首先C 语言是一种最小和简单的的语言。这里没有超出编程基础的非常高级的概念,很大程度上是因为 C 语言简直是现代编程语言的基础之一。例如C 语言的特性数组,但是它不提供字典(除非你自己写)。当你学习 C 语言时,你将学习编程的构建语句块,它可以帮助你辨别出当前语言的改善和精心制作的设计构思。
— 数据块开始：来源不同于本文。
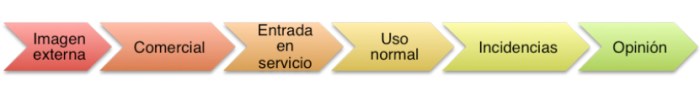 El proceso de experiencia de cliente, también llamado viaje del cliente, lo podemos dividir en seis fases que van desde el primer conocimiento de la marca hasta la opinión generada por el cliente, una vez ha comprobado la calidad de servicio.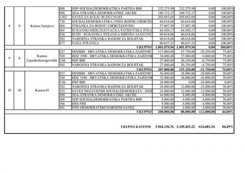 To znači da na godišnjoj razini u HNŽ-u dajemo preko 1 mln KM samo političkim strankama. A što dobivamo zauzvrat? Dakle, novaca za porodiljne naknade IMA, a kad krenemo tek razgovarati o reprezentativnim troškovima, troškovima administrativnog aparata, IMA i sredstava (koja su zakonom definirana, ali Vlada zakon ne poštuje) i za postupno uvođenje besplatnih udžbenika djeci iz socijalno ugroženih obitelji.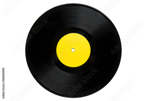 Fototapeta premium Vinyl Record with Yellow Label on Black Background Isolated Transparent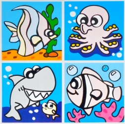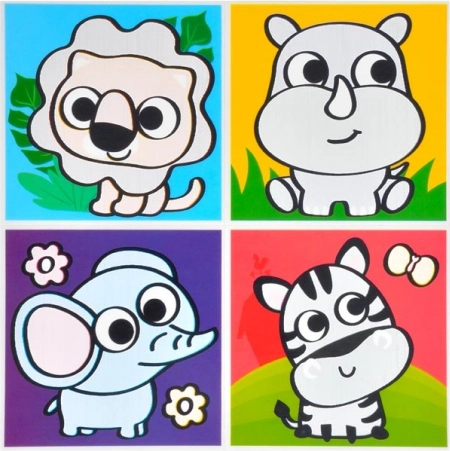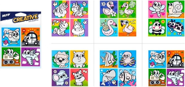 V balení nájdete zmes motívov, vrátane zvierat a dopravných prostriedkov. Každý arch obsahuje štyri obrázky, ktoré sa dokonale hodia pre detskú kúpeľňu.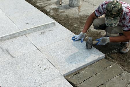 火燒板正式鋪貼:在正式板塊鋪貼時,先在水泥砂漿結(jié)合層上滿澆一層水灰比為0.5的素水泥漿,再將火燒板放置在水泥砂漿上用橡膠錘輕輕敲擊火燒板塊中間,使水泥砂漿振動擠壓密實。第一塊麻石火燒板鋪貼合格后,翻開火燒板,檢查砂漿結(jié)合層是否平整、密實。如果有空鼓現(xiàn)象,必須要增補砂漿,然后將板塊輕輕地對準原位放下,用橡皮錘輕擊放于板塊上的木墊板使板平實,根據(jù)水平線用水平尺找平,接著向兩側(cè)和后退方向順序鋪貼。鋪貼時必須隨時進行檢查,如果發(fā)現(xiàn)有空鼓現(xiàn)象,必須按照前面的步驟進行二次鋪貼。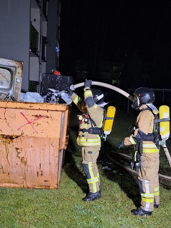 Der Angriffstrupp des HLF's führte so nur noch Restlöscharbeiten durch. Anschließend wurde der Container mit Schaum geflutet.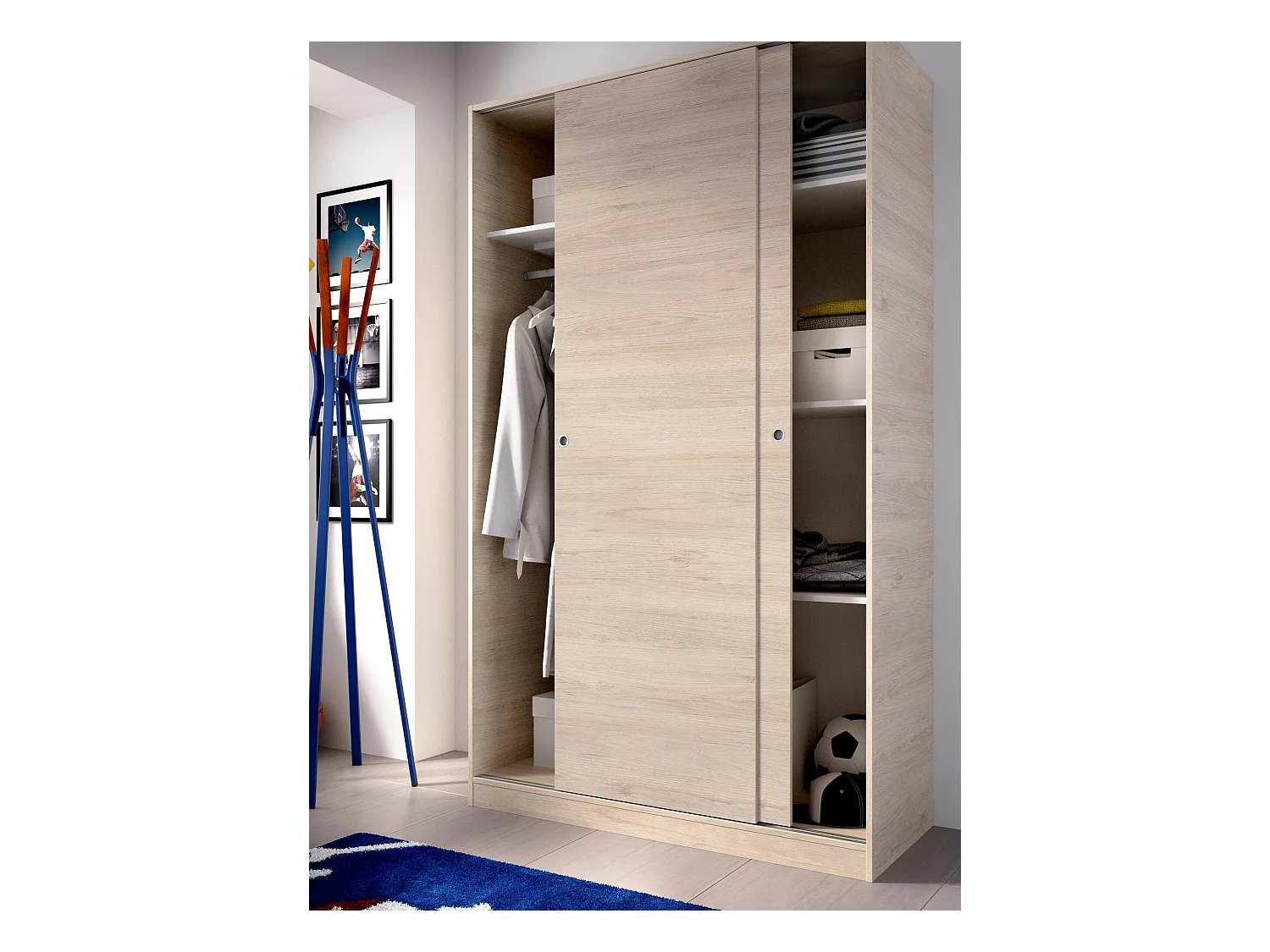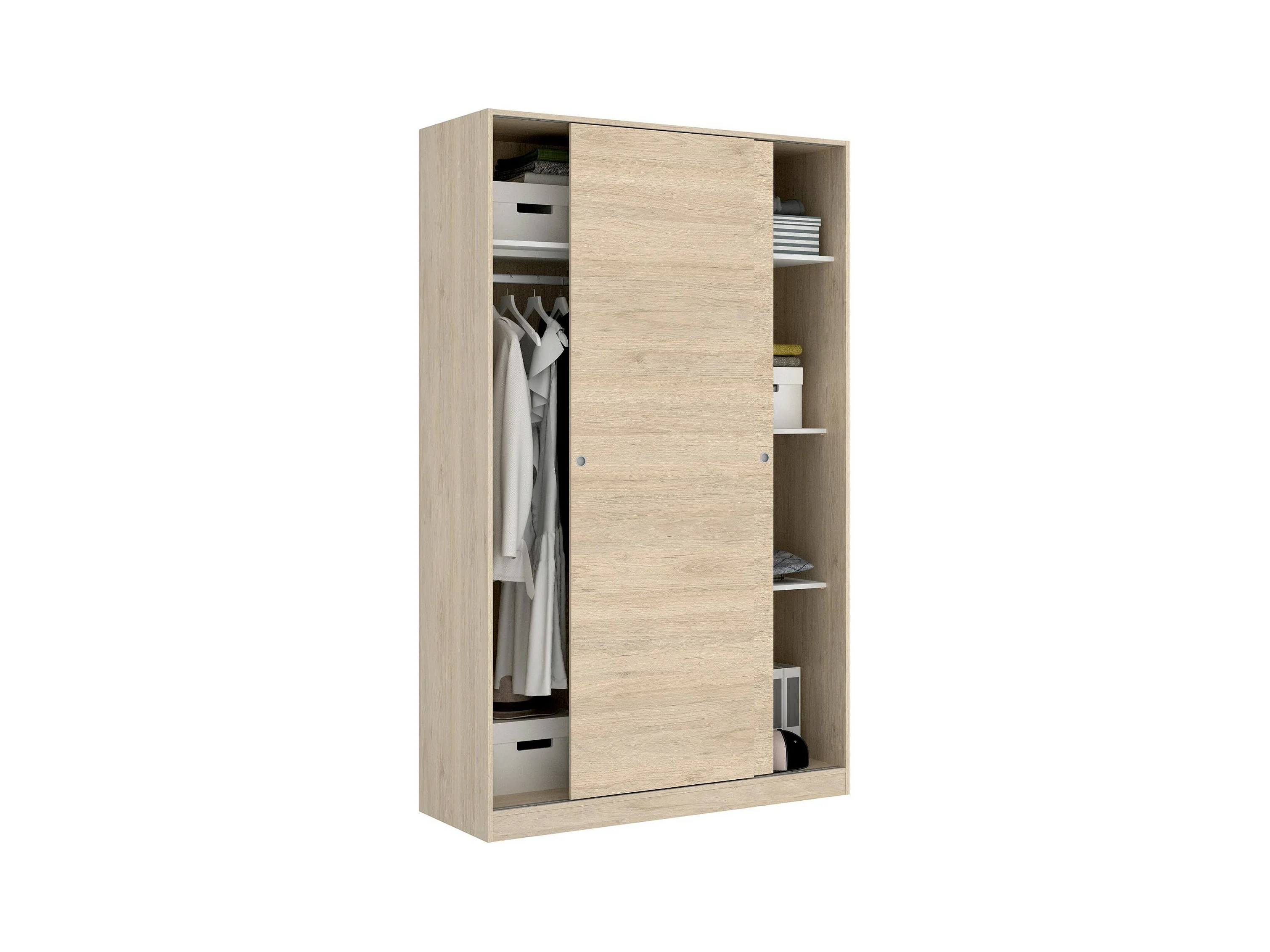 Armário Denali, Cabide para quarto, Armário com 2 portas de correr, 120x50h204 cm, Carvalho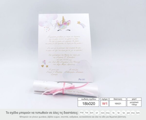 Newage 18b020 w1 Προσκλητήριο βάπτισης με μονόκερο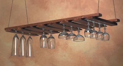 Can be hung from ceiling with brass plated chains (included) or mounted under bar or countertop. Sturdy construction with 3/4" slats. Walnut finish. 28 glass capacity.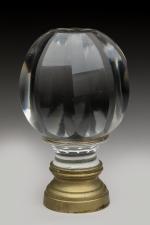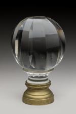 BOULE D'ESCALIER en cristal taillé à pans. Sur une base en bronze à doucine. Avec son système de fixation. Hauteur : 15 cm.

因为 C 语言是一种最小的编程语言,你的应用程序很可能会获得性能上的提升,这在很多其它编程语言中是看不到的。当你考虑你的代码可以执行多快的时候,它很容易被卷入到下面的速度竞赛,因此,询问你是否 _需要_ 更快的速度来完成一项特定的任务是很重要的。与 Python 或 Java 相比,使用 C 语言你没有必要为每一行的代码所困扰。C 语言程序运行很快。这是 Linux 内核使用 C 语言编写的一个很好的理由。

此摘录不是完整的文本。